Max Friedrich "Fritz" Weiss since 1951 Max Friedrich Wyss (23 February 1877 – 22 October 1955) was a Swiss-born German diplomat, jurist and orientalist.

== Early life and education ==
Weiss was born 23 February 1877 in Zurich, Switzerland, the son of Heinrich "Emil" Weiss (1830–1904), an executive director of Swiss Northeastern Railway, and German-born Ludmilla Aschenberg (widowed Askunas; born 1847), who was of German Jewish descent but had assimilated to Protestantism. Through his mother, Weiss had three older half-siblings.

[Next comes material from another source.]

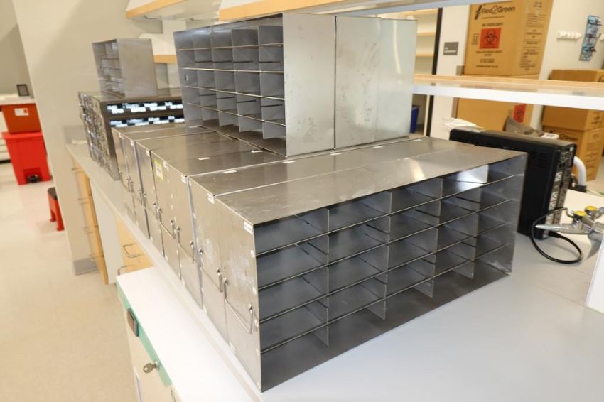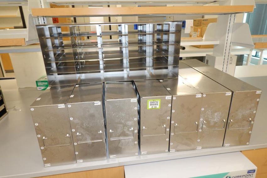 (Lot of 10) Stainless Steel Minus -20 to-80 Freezer Racks. HIT# 2509752. Bldg. 7. Asset Located at 112 S Duke St., Durham, NC 27701.

His maternal family originally hailed from Fehraltorf in the Zürcher Oberland, where they belonged to the local bourgeoisie since the 16th century and were mainly active as merchants, officials and educators. Since 1846, they held municipal citizenship of Winterthur. Upon the death of his grandfather in 1848, Emil Weiss, became a protégé of Alfred Escher. His mother originally hailed from a German Jewish family in Köthen and spent her early adulthood married in St. Kilda, Victoria.

He was primarily raised in Cologne where he completed his Abitur at Friedrich Wilhelm Gymnasium. From 1896 to 1899, Weiss studied law at the University of Zurich and the University of Berlin. In 1898, he obtained a higher diploma in Chinese, and ultimately became a translator.

== Personal life ==
In 1911, Weiss married Hedwig Margarete Sonnenburg (1889–1955), a daughter of Dr. Eduard Sonnenburg (1848–1915) and Anna Marianne Caroline Sonnenburg (née Westphal; 1864–1943), with whom he had three children:

- Jutta Ludmilla Clara Fanny Margarete Weiss (1914–1969), married Swiss-born François Michel Simon (1917–1982), an actor, of Geneva, Switzerland.
- Alice Ludmilla Weiss (1916–2002), married Philip Rhein (1908–2000)
- Dieter Eduard Heinrich Yäshuana Weiss (1923–1994), a psychiatrist and professor, married to Ursula Daecke (1919–2000), had one daughter Tamara Wyss (1950–2016), a documentary film maker.

In 1951, Weiss officially changed the family name to Wyss, which is the more original Swiss spelling, it is assumed that he also held Swiss citizenship by paternal descent.